* _DATA SEGMENT_:
===============

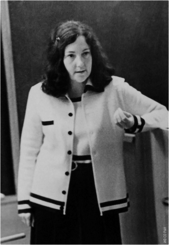 Александрова И.П., старший научный сотрудник лаборатории кристаллофизики Института физики им. Л.В. Киренского Сибирского отделения Академии наук СССР (ИФ СО АН СССР). Выступление на I-ом Советско-Японском симпозиуме по сегнетоэлектричеству, посвященном физическим основам применения сегнетоэлектриков в оптоэлектронике. Новосибирск, Академгородок 1976 год.
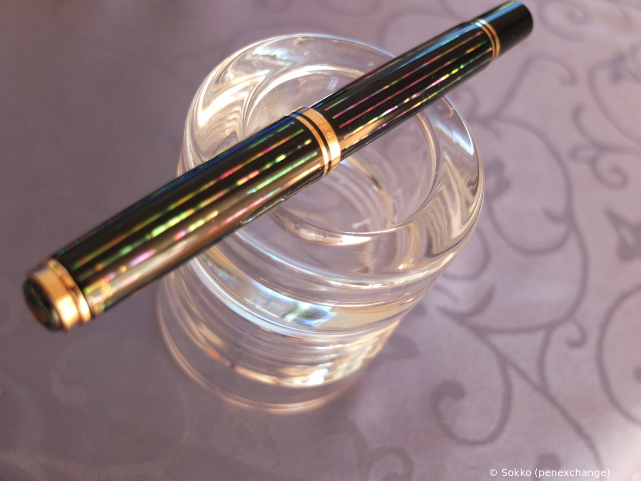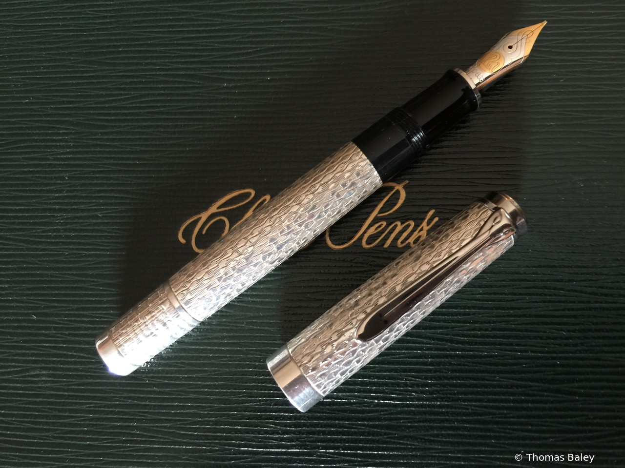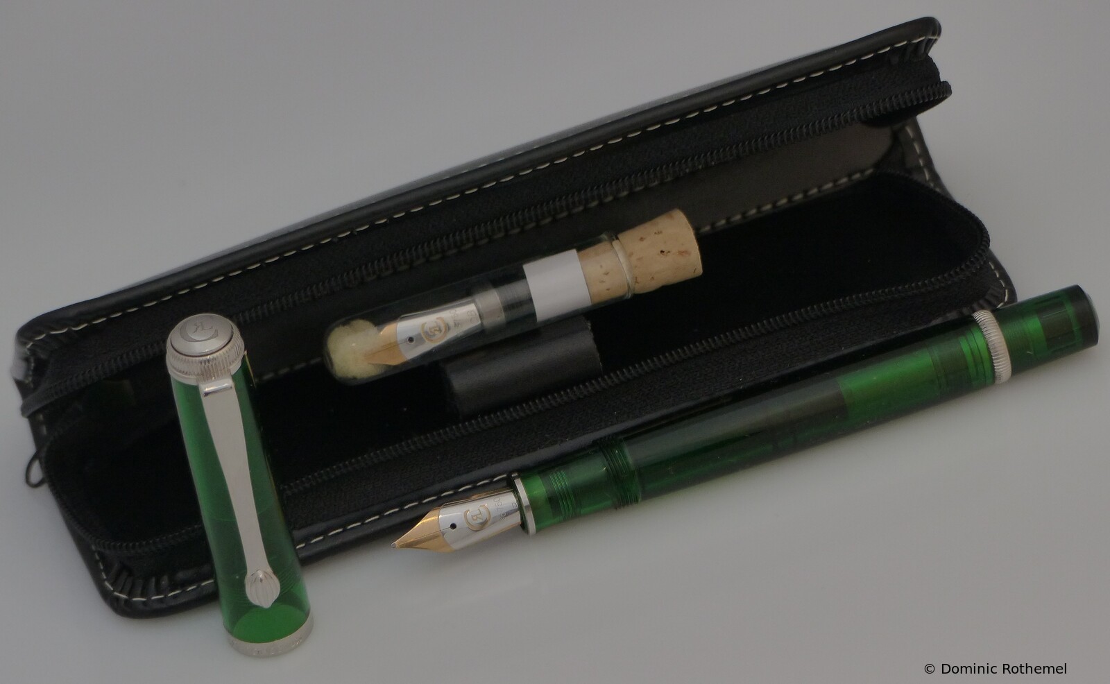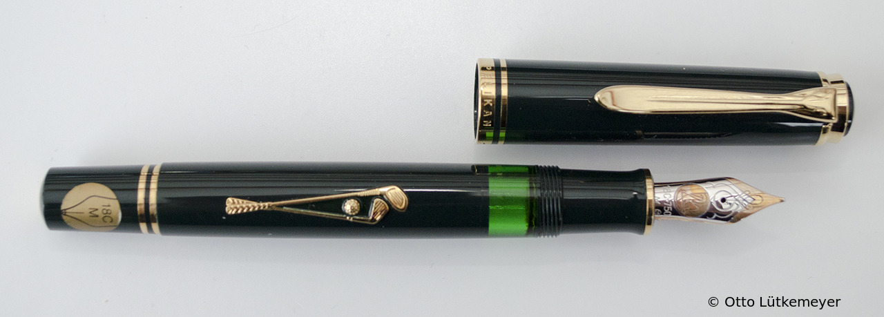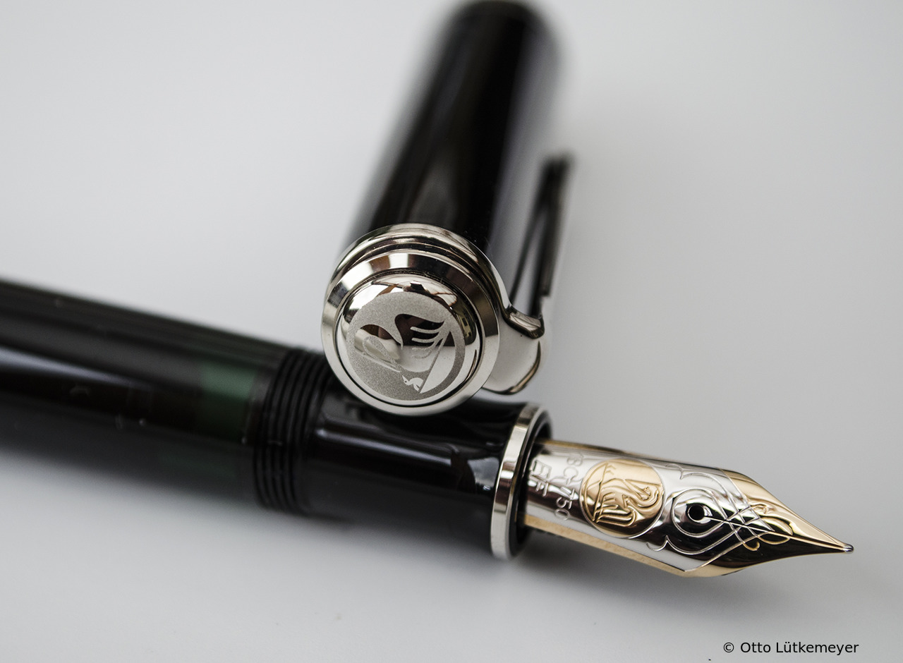 Modified version based on the M800 in dark green transparent. Supplied with a second nib to change (in the sizes M + B). Also, the nib is modified. The production by Pelikan is not apparent. Logo displays the C from Chronoswiss.
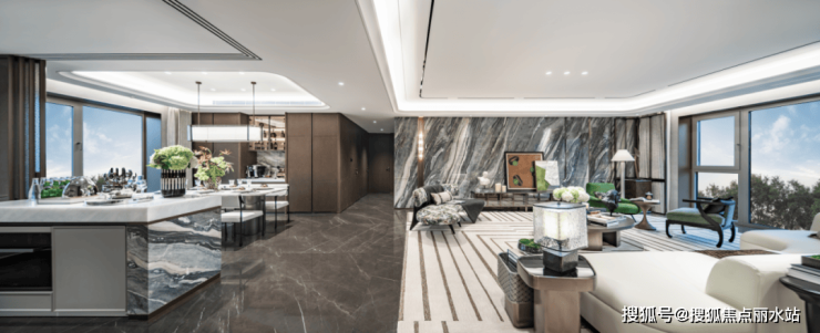 缓步走入超大LDK一体化空间,尽情感受场景流转与情感融入,和项目对空间诠释的精准拿捏。指尖划过玄关柜时,能感受到编织皮革的细腻纹理。天然大理石、木饰面、岩板与不锈钢超窄踢脚线,层次丰富的弧形吊顶与光源体系,合力营造出多元并蓄的装饰效果。全屋还暗藏六种大容量收纳柜,实现收纳与物品的精准匹配。

===============

Quote the full listing above word for word; exclude every picture from the copy.

* _RESULT FOR THIS EXERCISE_:
 Александрова И.П., старший научный сотрудник лаборатории кристаллофизики Института физики им. Л.В. Киренского Сибирского отделения Академии наук СССР (ИФ СО АН СССР). Выступление на I-ом Советско-Японском симпозиуме по сегнетоэлектричеству, посвященном физическим основам применения сегнетоэлектриков в оптоэлектронике. Новосибирск, Академгородок 1976 год.
 Modified version based on the M800 in dark green transparent. Supplied with a second nib to change (in the sizes M + B). Also, the nib is modified. The production by Pelikan is not apparent. Logo displays the C from Chronoswiss.
 缓步走入超大LDK一体化空间,尽情感受场景流转与情感融入,和项目对空间诠释的精准拿捏。指尖划过玄关柜时,能感受到编织皮革的细腻纹理。天然大理石、木饰面、岩板与不锈钢超窄踢脚线,层次丰富的弧形吊顶与光源体系,合力营造出多元并蓄的装饰效果。全屋还暗藏六种大容量收纳柜,实现收纳与物品的精准匹配。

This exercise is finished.